Excluding any images, copy all of the lines below precisely as written.

##### Available data

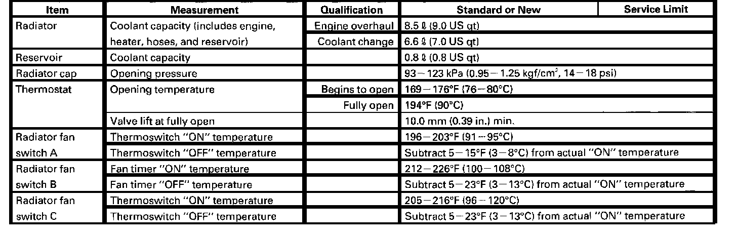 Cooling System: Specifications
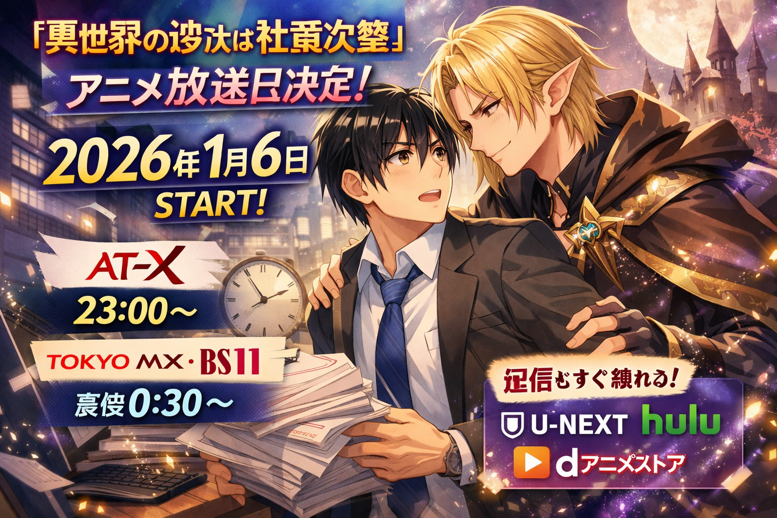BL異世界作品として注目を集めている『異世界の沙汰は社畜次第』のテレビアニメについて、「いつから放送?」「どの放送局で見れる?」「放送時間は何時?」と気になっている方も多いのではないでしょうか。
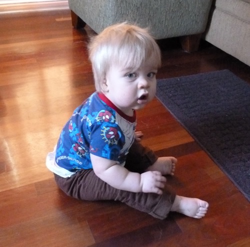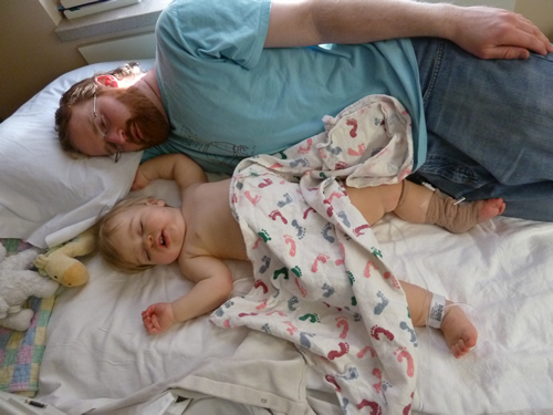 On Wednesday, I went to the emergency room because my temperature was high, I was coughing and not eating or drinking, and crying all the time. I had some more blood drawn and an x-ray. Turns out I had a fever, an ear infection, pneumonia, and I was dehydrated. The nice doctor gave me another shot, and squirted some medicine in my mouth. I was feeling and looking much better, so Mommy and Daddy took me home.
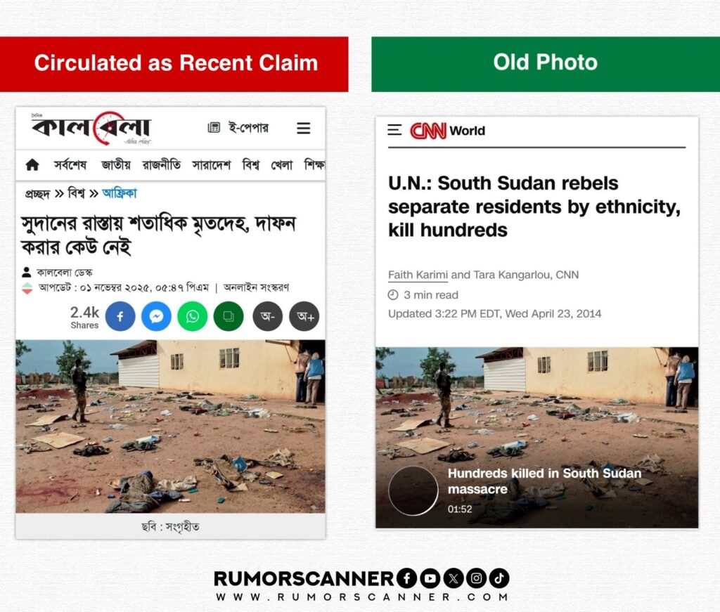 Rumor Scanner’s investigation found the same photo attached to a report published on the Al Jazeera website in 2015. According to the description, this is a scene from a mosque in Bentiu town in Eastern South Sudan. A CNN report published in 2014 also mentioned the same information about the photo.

##########

Task solution
 Cooling System: Specifications
BL異世界作品として注目を集めている『異世界の沙汰は社畜次第』のテレビアニメについて、「いつから放送?」「どの放送局で見れる?」「放送時間は何時?」と気になっている方も多いのではないでしょうか。
 On Wednesday, I went to the emergency room because my temperature was high, I was coughing and not eating or drinking, and crying all the time. I had some more blood drawn and an x-ray. Turns out I had a fever, an ear infection, pneumonia, and I was dehydrated. The nice doctor gave me another shot, and squirted some medicine in my mouth. I was feeling and looking much better, so Mommy and Daddy took me home.
 Rumor Scanner’s investigation found the same photo attached to a report published on the Al Jazeera website in 2015. According to the description, this is a scene from a mosque in Bentiu town in Eastern South Sudan. A CNN report published in 2014 also mentioned the same information about the photo.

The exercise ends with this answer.